If you find yourself swiping left (or right) this Valentine's Day, Katy Coduto is interested.
No, not like that. Coduto, a Boston University College of Communication assistant professor of media science, studies how people use media to connect with each other and make sense of the world around them. And, lately, she's turned her attention to dating apps.
"As a communication technology, I think swiping is so interesting," Coduto says. "I'm curious about how people use dating apps, and what their expectations are when they use them-what are they trying to get from those connections?"
Indeed, Coduto recently helped design a national survey to find out. The latest Media & Technology Survey, conducted by Ipsos, shows that while most people don't trust everything they see on dating apps (60 percent of respondents agreed that most people lie on dating apps), a significant portion of the population still believes in their matchmaking power: 41 percent agreed that people can find their soulmates on dating apps.
The survey findings-based on the attitudes and opinions of 1,000 adults across the US-illustrate a massive adoption of a relatively new technology. Coduto was working as a researcher and strategist at an advertising agency when Tinder really took off. She thought the concept was interesting, and then her friends started using it.
"It really was this mass adoption moment," she recalls. "Grindr was on the scene first, but in terms of just sheer numbers, Tinder really provided the spark. Suddenly heterosexual people could date online without being on their computers-they could just do it from their phones."
And they did: Tinder quickly became the most-downloaded dating app in the world, with 64 million downloads last year alone. Legions of competitors have arrived, too, each with a slightly different flair. Hinge is an app that advertises itself as the one "designed to be deleted," a promising catchphrase for those looking for in-person connections. Bumble positioned itself as the progressive option: women have to make the first move. Many people cast a wide net, creating profiles on two or more dating apps at the same time (and often, with varying results).
The relative ease with which people can scan through dozens of potential mates, sending out messages en masse, has also changed the way people date, Coduto says. The playful interfaces and immediate feedback from many of these apps have led to the so-called gamification of dating. This can be fun-scrolling through potential matches with friends-but it can also lead to an overdependence on online platforms for social connection, particularly among people already predisposed to social anxiety or loneliness, Coduto has found.
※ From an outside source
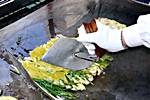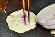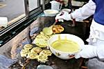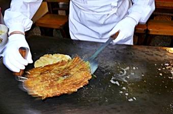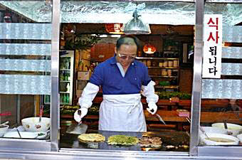 南浦洞でピンデトックやパジョンを食べたくなったらこの店はどうですか? ピンデトックは、緑豆を挽いたものを鉄板で焼いたもの。さくっとした歯ざわりと香ばしい香りが楽しいピンデトックは、そのまま食べてもいいですし、マッコリ(ドブロク)の肴にも最高です。このお店のピンデトックの秘密は、石臼で引いた緑豆とオリーブ油。緑豆はミキサーなどの機械を使ってもピンデトックのタネを作ることができますが、ご主人によると、昔ながらの石臼で挽いたものがやはり一番美味しいそうです。

In a paper published in 2019, Coduto and other researchers found that people who are fearful of or lacked confidence in face-to-face interactions preferred online social interactions, including online dating. Additionally, people who described themselves as having a high level of loneliness and who preferred online social interactions were also more likely to use those online platforms compulsively, often eschewing in-person socialization or dating for the online version, the researchers found.
"In attempting to avoid perpetuating a lonely network, lonely individuals may in fact further isolate themselves as they search for a romantic partner," they wrote.
As Coduto has continued her research, there's something that comes up again and again among the many hundreds of people she's interviewed: sexting. As it turns out, sending and receiving sexually explicit text messages or photos is about as universal in the online dating world as creating an account.
"Honestly, I've just heard a lot about unsolicited dick pics in a short amount of time," she says.
And so Coduto is focusing her next line of inquiry here. Why do people send sexually charged texts and photos? What, if anything, do they expect to receive in return?
Specifically, she's curious about people's expectations of privacy when they send such sensitive messages. "There's a whole negotiation that theoretically should go on where you say something like, 'I'm going to send you this super private photo or video or even just text message. I hope you're not going to share this beyond us.' And, from what I've seen so far, a lot of people don't have that conversation, which could have broader implications for people's privacy expectations on social media in general."
Coduto is still in the early stages of this research, but says she's also seen differences among demographic groups. Members of Gen Z, for whom dating apps have almost always been ubiquitous, are more likely to experiment with them than their millennial counterparts, who were introduced to dating apps as teenagers or young adults (Tinder launched in 2012).
"When I was first interviewing millennials, a lot of them would say that they'd never tell someone that they'd met their significant other on a dating app," Coduto says. "Whereas, for a lot of Gen Zers, it's like, 'Well, everything's an app. So, what difference does it make?'"
There are also notable differences in the ways straight people use dating apps as compared to LGBTQ+ people, she says, particularly when it comes to expectations of privacy. Queer people may be searching online for a same-sex romantic partner before they've come out to anyone in person, which adds an extra layer of privacy to the messages they send and receive, Coduto says.
"There's a sense of it being safer to use an app like Grindr than to try to meet people in person at first," she says. "That's an important behavioral difference."
Coduto has a notebook full of future research questions and ideas-dating apps, with their widespread uptake by all sorts of people, are a rich source of study, after all. As for her own life, though, you won't find Tinder, Hinge, or Bumble on her phone. Coduto met her fiance in person, the old-fashioned way.